Even if one side is factually correct — and this isn’t always the case — the more anger that’s directed at the other side, the fewer of those people will feel safe to change their minds. Cornering people and making them wrong only encourages heel-digging and rationalizing and the touting of bad science, because at that point it’s just an exchange of emotional noise.

This kind of arguing is an almost perfectly useless approach to reducing ignorance. Helping people to understand something (if that is indeed what the arguers want) is the opposite of fighting.

The feeling of being right is an extremely attractive high to us. It feels as good to be right as it feels awful to be wrong. But whether we have that feeling or not has little to do with whether the facts indeed back us up, and that’s why it’s such a dangerous drug to get used to.

Once you get attached to the feeling of being right, it becomes more important than actually being right.
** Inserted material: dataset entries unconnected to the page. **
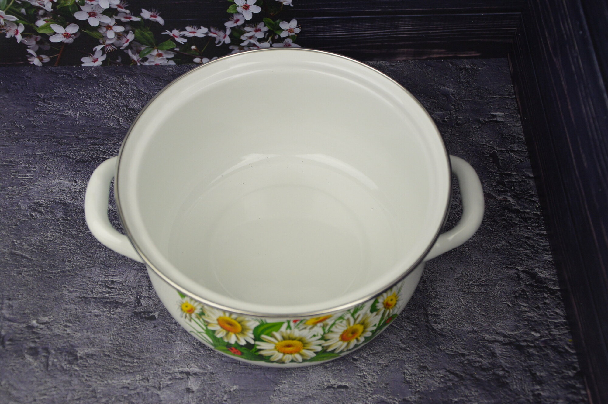 Кастрюля эмалированная 1,5 л с ободком белая с рисунком Фруктовая фантазия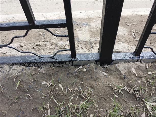 Нижняя грань ограждения уже утонула в земле. Очистить, убрать грунт? Зачем - землица надежнее любой краски защитит металл.
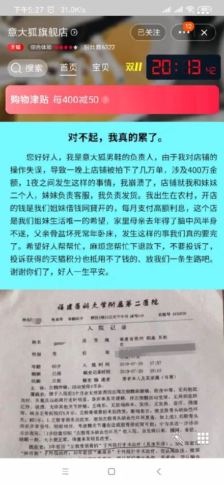 据网友提供的截图,“意大狐旗舰店”曾迫于压力,发表声明让网友取消订单,店主称由于“店铺操作失误,导致一晚上店铺被拍下了几万单,涉及400万金额”,并称该店是他们借钱开的,是“生活唯一的希望”,希望顾客可以退款,不要再投诉,放他们“一条生路”。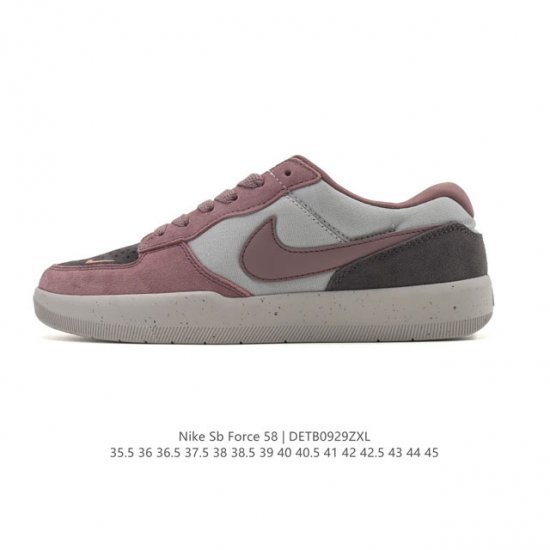Nike SB Force 58 Skateboarding Shoe. Bringing cutting-edge innovation to the streets, it features a vulcanized cupsole for exceptional durability and flexibility. With soft leather panels and vents throughout, it incorporates traditional basketball styling throughout, and this colorway reimagines the shoe.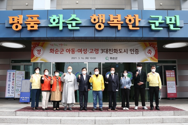 구충곤 화순군수는 “3대 친화도시 인증을 계기로 보편복지 정책을 확대하고 주민 체감도 높은 시책을 적극적으로 발굴, 추진하겠다”며 “그동안 추진해 온 3대 친화도시 조성 사업을 점검하고 더욱더 촘촘한 사회 안전망을 구축해 따뜻한 복지공동체를 만들겠다”고 밝혔다.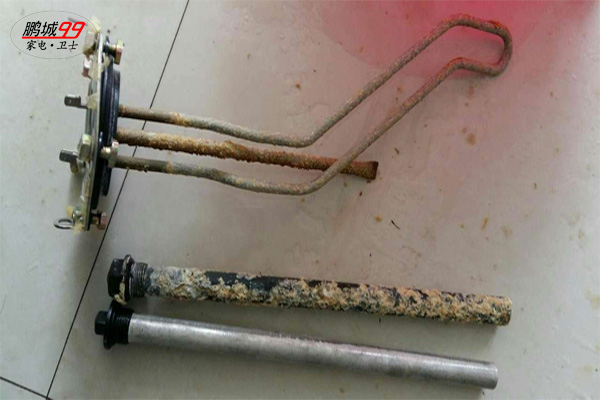 第一張圖片是熱水器內(nèi)部的加熱絲和鎂棒,第二張圖片是熱水器簡單清洗后放出來的臟水,第三張圖片是電熱水器內(nèi)部結(jié)構(gòu)的切面。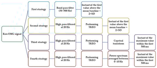 Estimated muscle onset based on different strategies.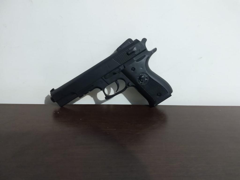 Ao realizar a busca pessoal foi localizado no lado direito da cintura do indivíduo uma pistola, que somente após ser retirada de seu shorts foi possível perceber que se tratava de um simulacro, continuada a busca nada mais de ilícito foi encontrado.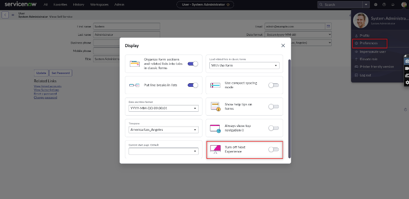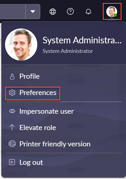 Click on the System Admin profile and select the Preferences menu.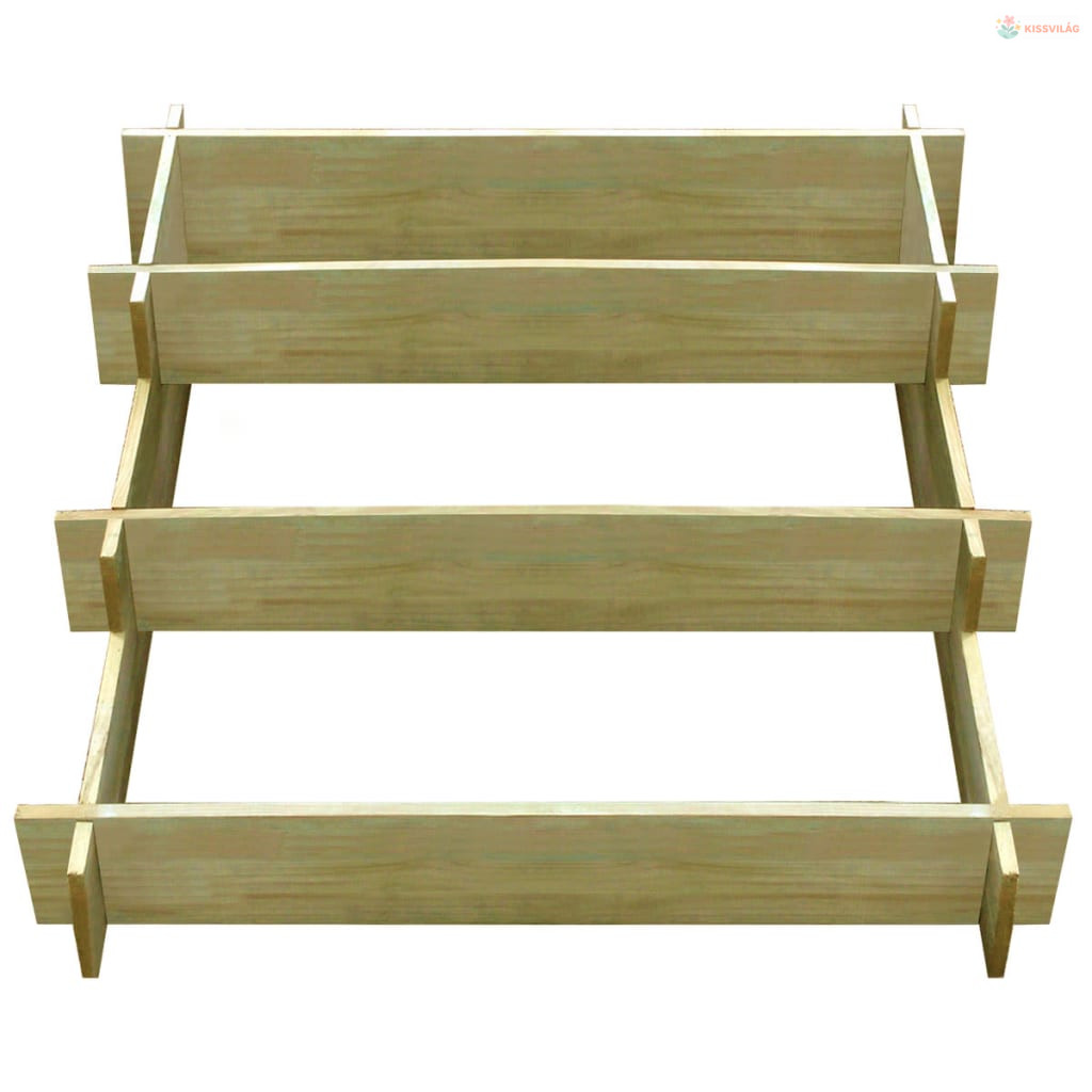 Zöld impregnált fenyőfából készült, így ez a fa virágágyás rendkívül szilárd, tartós és rothadásálló. Könnyen összeszerelhető.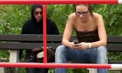Subtitled bizarre Japanese half naked caregiver outdoors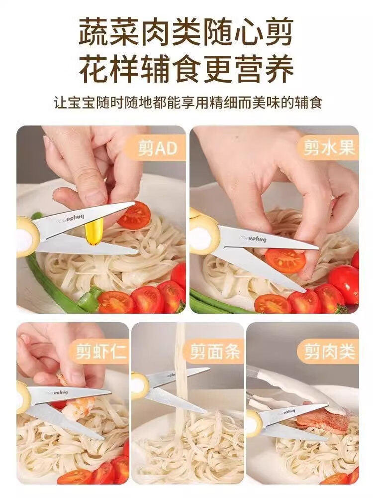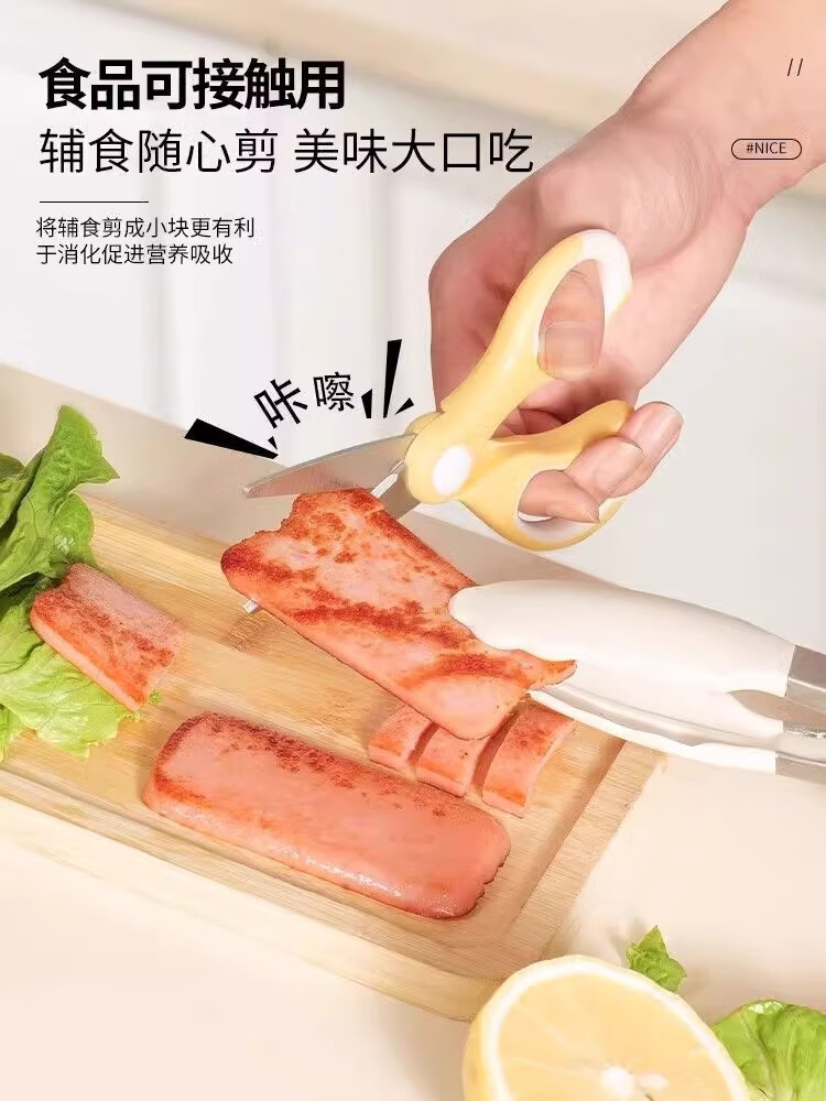 Baig Ciseaux à compléments alimentaires Outil de complément alimentaire pour bébé domestique pour couper la viande et les légumes Outil portable Ciseaux à compléments alimentaires Jaune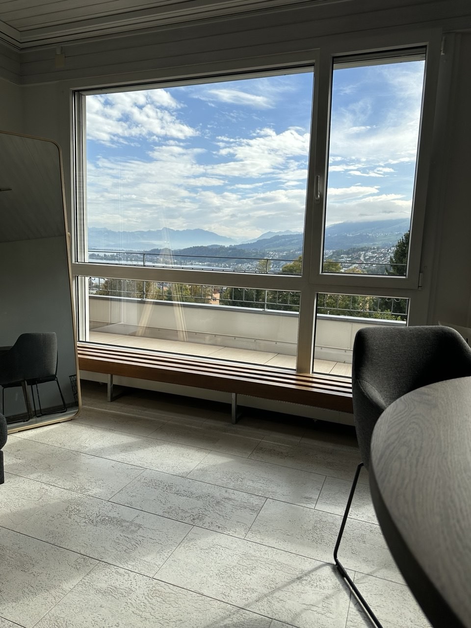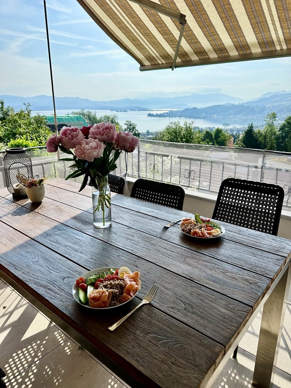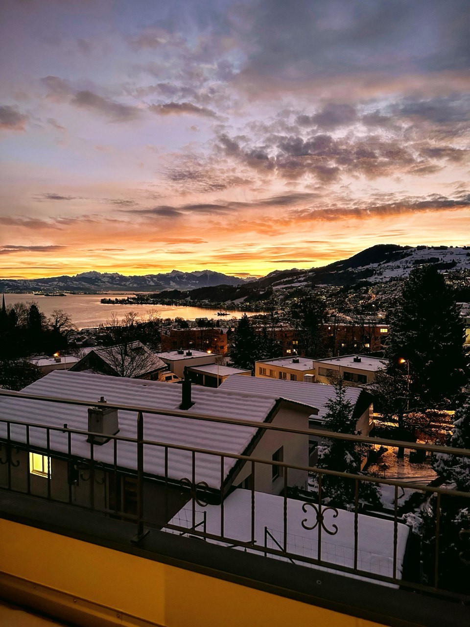 Private Balcony & Roof Terrace: Multiple outdoor spaces offering spectacular panoramic views of Lake Zurich and the surrounding mountains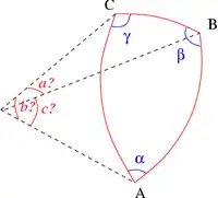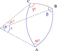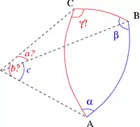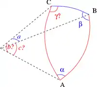 Dans le cas où les trois angles sont connus, les côtés s'obtiennent par une variante du théorème d'Al-Kashi pour les angles. Les formules donnant les côtés sont semblables à celles du cas de résolution complémentaire (les trois côtés connus) :
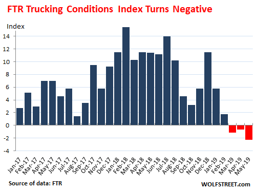 The Cass Freight Index, which tracks shipments of consumer and industrial goods but not bulk commodities such as grains, has now fallen below the June 2014 level. June 2014 had set a record in shipments just before Transportation Recession 1 came along. The boom in 2018 broke the 2014 records, and by a big margin. And now the industry is back in its own recession.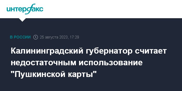 Москва. 25 августа. INTERFAX.RU - В Калининградской области половина молодежи не получила еще "Пушкинскую карту", проект требует более активного продвижения возможностей карты, считает губернатор региона Антон Алиханов.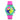 This neon-colored chronograph is inspired by a 90's Swatch CHRONO: FLASH ARROW. The multi-colored dial with tachymeter scale boasts glow-in-the-dark black hour and minute hands, a yellow seconds hand and a day window at 3 o'clock. It has a transparent matte green case with a matching bezel. The structured pink strap is accented with contrasting transparent matte yellow and blue loops and a transparent matte green buckle.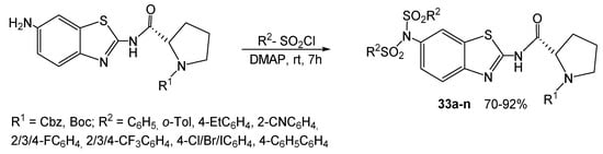A similar ideology was employed to synthesize new benzothiazol-disulfonamide scaffolds 33a–n as a potent hepatitis C virus inhibitor (Scheme 26) [58]. The key intermediate product prepared by the reaction of 6-nitro-2-aminobenzothiazole with proline activated by N-(3-dimethylaminopropyl)-N′-ethylcarbodiimide (EDCl) with subsequent reduction of the nitro group (omitted in Scheme 26) is sulfonylated by arenesulfonyl chlorides at the free amino group. The obtained aminobenzothiazoles have a smaller molecular mass and hydrophobicity concerning the known antiviral agents, which provides better peroral bioavailability.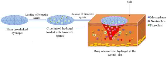 Interactive wound dressings provide a moist environment to accelerate the wound healing process, exhibiting good water vapour transmission, and enhancing granulation and re-epithelization. Examples of interactive dressings include gels, films, membranes, composites, and sprays [36]. Some of these dressings can be loaded with therapeutic agents to produce bioactive wound dressing materials. Bioactive wound dressings, such as sponges, hydrocolloids, foams, wafers, hydrogels, nanofibers, films, and collagens are biocompatible, biodegradable, and can act as drug delivery systems for bioactive agents, such as antibiotics, growth factors (GFs), nanoparticles, and vitamins with the enhanced process of wound healing [37]. Although hydrogels and nanofibers are other kinds of wound dressings, they can be encapsulated with therapeutic agents and exhibit the controlled drug delivery of bioactive agents, making them bioactive wound dressings [38].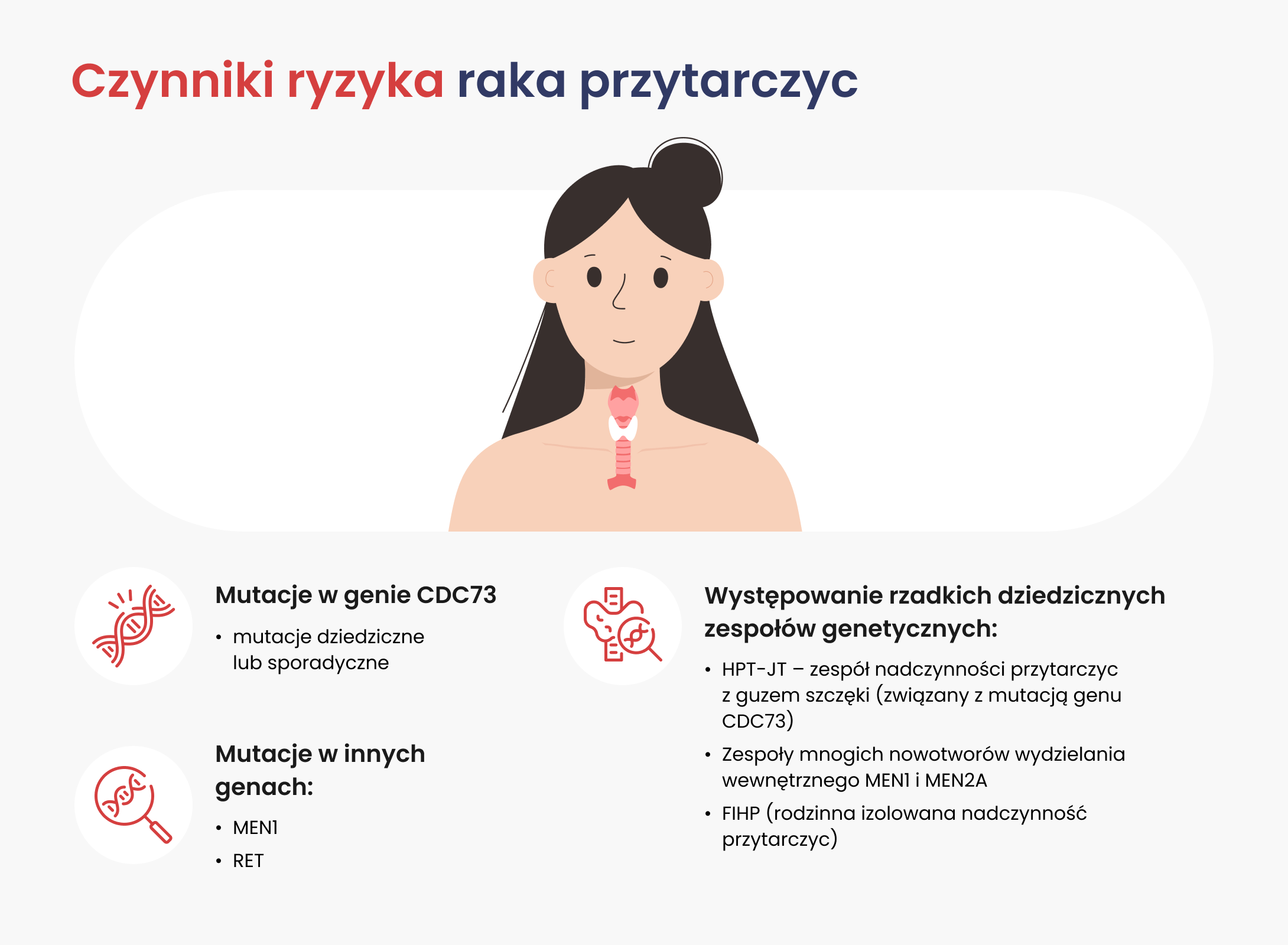 Najważniejszym i najlepiej poznanym czynnikiem ryzyka rozwoju raka przytarczyc jest występowanie rzadkich, dziedzicznych zespołów genetycznych. Pacjenci z tymi schorzeniami powinni być pod szczególną obserwacją.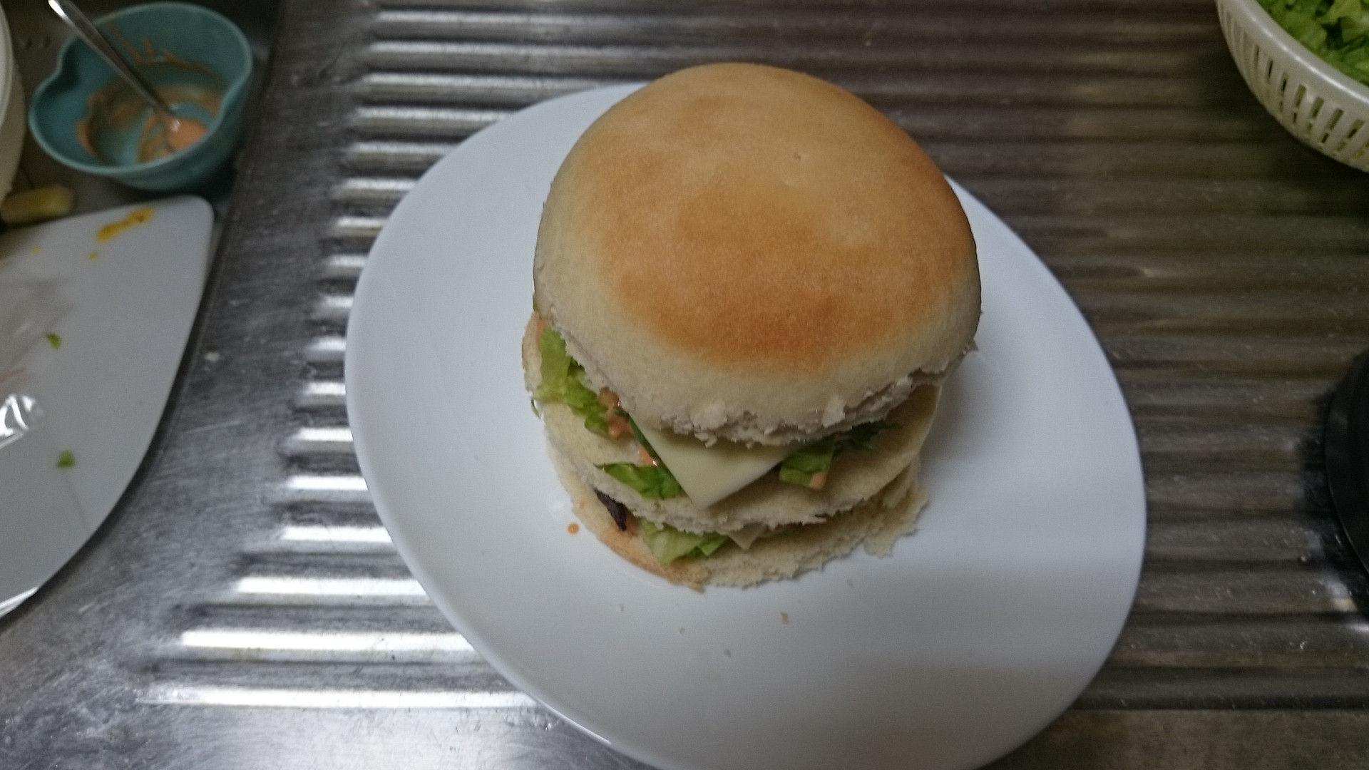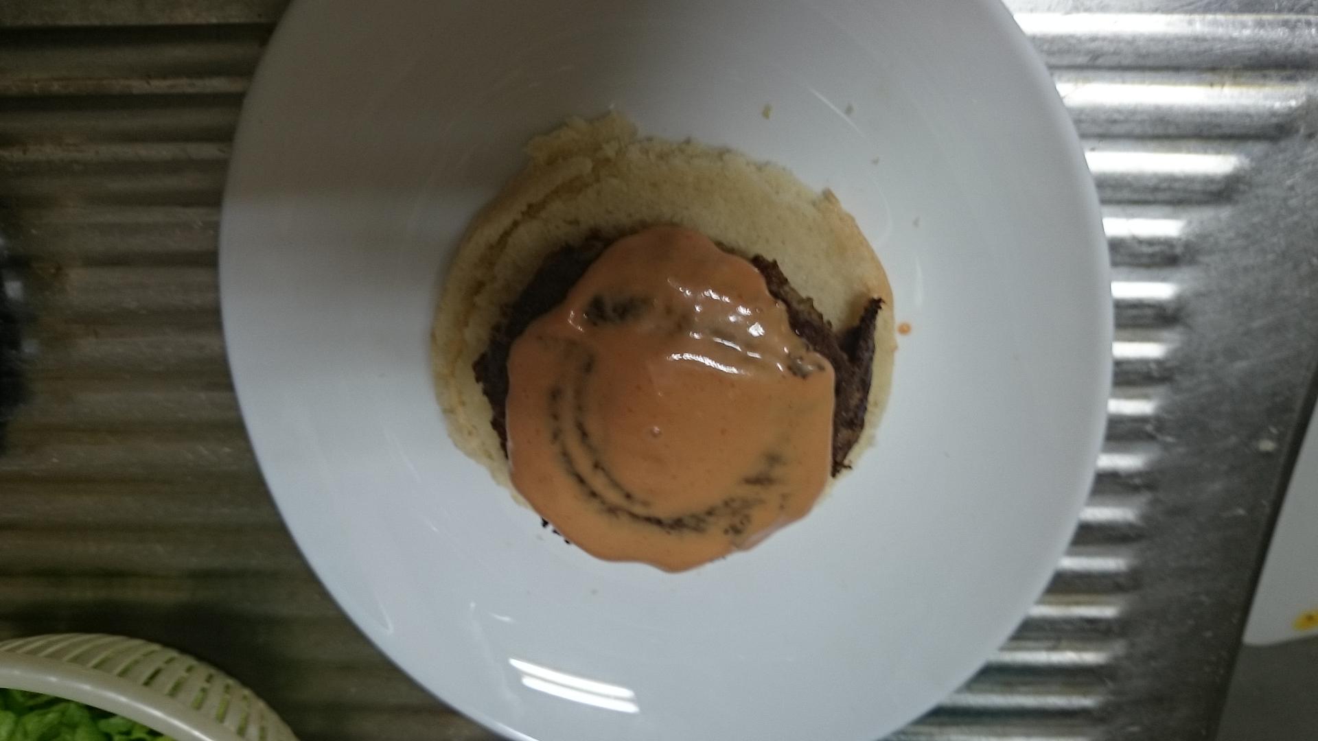 実はバンズは前日の作り置きです 捏ね、発酵、焼きで3時間ぐらい時間がかかります(´・ω・`)

We’ve all found ourselves in pointless debates with friends: Was Crash a good movie? Is Bono actually helping anyone? You may have noticed that in these debates, we don’t want the other person to make a good point, even if conceding it could leave us with a more intelligent stance than we had before. Instead we want them to make dumb points that make ours sound good. We want them to be wrong more than we want to learn anything.

If you were wrong, would you want someone to tell you? Maybe, if it were done privately and sympathetically. Doing that isn’t a common skill. If you want to learn how to talk to people about anything without putting them on the defensive, Marshall Rosenberg’s brilliant book Nonviolent Communication is your Bible. (In my humble opinion.)

It is hard to pass up the temptation to make people wrong. I’m not very good at it. In the process of writing this article I’ve noticed anger emerging again and again in my words, and I’ve done my best to keep it out of this piece. After all, my goal here was to “cure” a particular kind of ignorance.

That’s always shaky ground though, because you have to begin with a rather self-important belief: “I have a truth you don’t have, and I’m going to give it to you.” I’ve tried to keep my aims pragmatic here and not succumb to the impulse to attack and tell-off. But I’m sure it still shows where I am blind to it.

I do think I’m right, but it’s possible I’m being ignorant in a way I don’t understand. And some people may say so in the comment section, and again I’ll have to monitor my temptation to bully off their opposing views with rhetoric. If I’m skillful enough, I might be able to genuinely consider agreeing with them.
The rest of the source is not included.